Parliamentarian Muhsein Ali Ba-Surah shared Shamlan view by saying, “After independence, there was a real republic in the hands of the National Front and Liberty Front revolutionists. Today, a counterfeit republic is widespread. Today, there is a fragile democracy, missing freedom and justice.”

Ba-Surah concluded his speech by declaring, “We are in need of new independence, against a legacy of power and regression. A tribal mentality and corruption must be removed. What we struggle for is not only just but also political. Our struggle will persist until the government, economy and equality are given back. We demand the ruling party to make reforms or resign from office.” He also expressed the desire for the JMP to suspend its membership in Parliament in unified protest.

Meanwhile, in Arahab district, 25 km away from Sana'a, thousands of tribesmen participated in a massive rally organized by the JMP last Wednesday.
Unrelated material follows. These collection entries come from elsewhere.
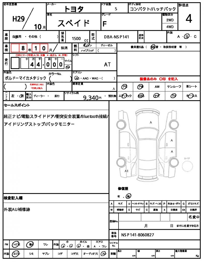 | VIN/Serial No. | NSP141-8060827 |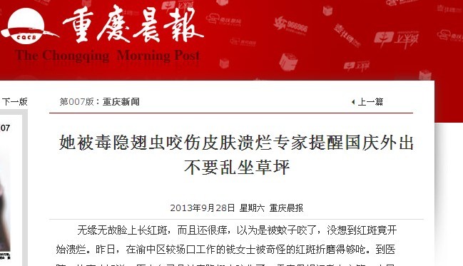 四川军大医学研究所附属医院医师还提醒市民,到郊外时不可乱坐草坪,因为除了毒隐翅虫外,还会有毒毛虫的侵扰,如果皮肤出现展现,应及早到正规皮肤病医院作检查治疗。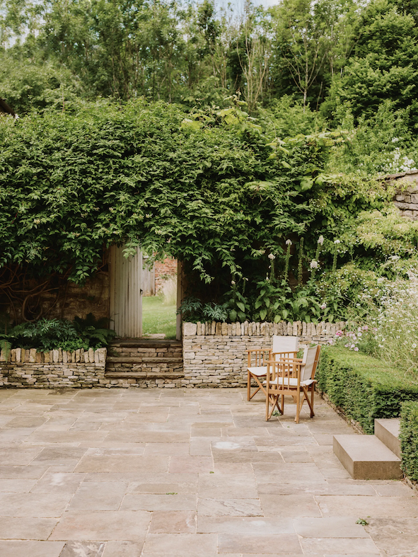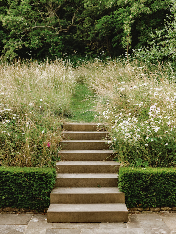 Jednak najważniejsze zmiany miały miejsce w ogrodzie. Z pomocą projektanta krajobrazu Petera Beardsleya, usunięto gęste krzaki jeżynowe, tworząc przestrzeń na łąki z dzikimi kwiatami, które teraz wiją się wokół domu na wsi. Relacja między domem a ogrodem została wzmacniona, nie ingerując przy tym w związek z gruntami rolnymi, które rozciągają się za posiadłością.

Protestors repeated slogans denouncing starvation and corrupt policies undertaken by the successive governments of the GPC.

In the rally, parliamentarian Manssour Al-Haneq delivered a speech in which he said, “Under the rule of the GPC's successive governments, Yemen incurred despotism, corruption and price hikes, which encumbered, overburdened and doubled Yemen's suffering,” adding, “We expected that prices would go down according to the electoral pledges of the ruling party, but, unfortunately, they went up disproportionately.”
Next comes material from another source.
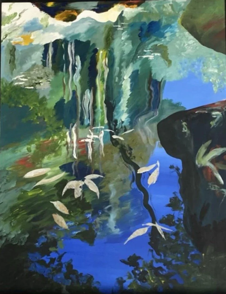 Translucent layers reflect the stained, mirrored waters of Shirley Creek—across the road from the home where Cheryl grew up. Those fragments of love, and place remain embedded in the very fibre of her work. These works honour the tea tree-stained creeks of Bribie Island — sites of reflection, distortion, and transformation. The dark water reveals a world inverted—rocks, leaves, and sky—blurring surface with depth.

He also accused the authority and ruling party of corrupting democracy and politics by counterfeiting electoral processes and people's determination, calling for the quick response of the demands of Arahab tribesmen, which he stated are part and parcel of the demands of all citizens.

Other speakers invited Arahab locals to stand against injustice, despotism, and corruption in order to reclaim their rights, guaranteed in Yemeni law and the constitution, and expressed their hope that the government will respond to their demands quickly.
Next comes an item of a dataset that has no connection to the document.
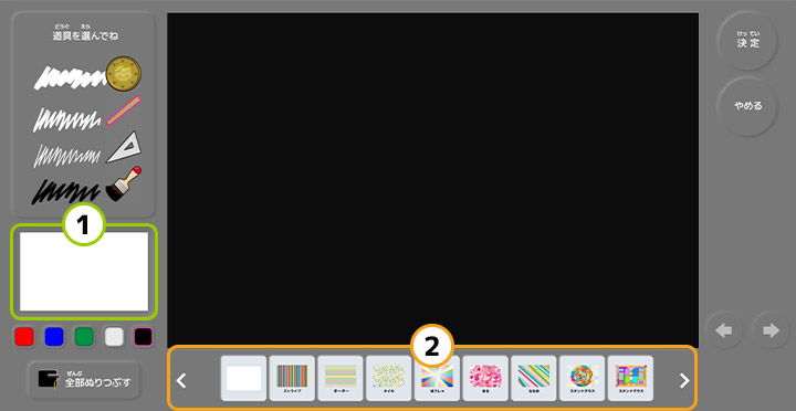 選択内容 説明 ① 全部ぬりつぶす 選択している色で、画用紙を全て塗りつぶします。 ② やめる スクラッチをやめてペイントの画面に戻ります。※スクラッチで描いたものは消えてしまいます。 ③ 戻る/進む 操作履歴を1つ前に戻します。/操作履歴を1つ先に進めます。

In the statement released by the sit-in, Arahab locals demanded the cessation of unreasonable and continuous price hikes which lead to deteriorating living standards. They claimed that extortionate prices also increased poverty and lead to a lack of job opportunities. They also demanded that the government support farmers by providing them with agricultural equipment and decreasing oil-related products, namely diesel fuel. University graduates having different specializations should be employed, they further claimed.

The sit-in urged the government to find urgent and quick solutions to the sanitation problem in the district, leading to drinking water contamination. It also demanded the development and rehabilitation of Aumara' and Haifa hospitals, namely, providing them with qualified medical staff along with prerequisite requirements such as free medicine for incurable diseases and helping those unable to afford medicines.

The protesters also demanded that the government quickly complete the electricity grid in the district, provide pure drinking water, and finish the road in Arahab, Hazm and Al-Jawf, in addition to telephone lines connecting them to all areas.

Protests began when military and civil retirees organized sit-ins in the southern and eastern governorates in Al-Dhale' governorate in March, expanding gradually into many other governorates such as Taiz, Abyan, Hadhramout, Sana'a, Dhamar, Ibb, among others.

The demands were increased by the protesters from sit-in to sit-in, reflecting the daily suffering of citizens, who speak out against price hikes, deteriorated infrastructure, unemployment, land looting, corruption, freedom of expression, and equal citizenship, among others. Such demands have become the foundation of the sit-ins and protests.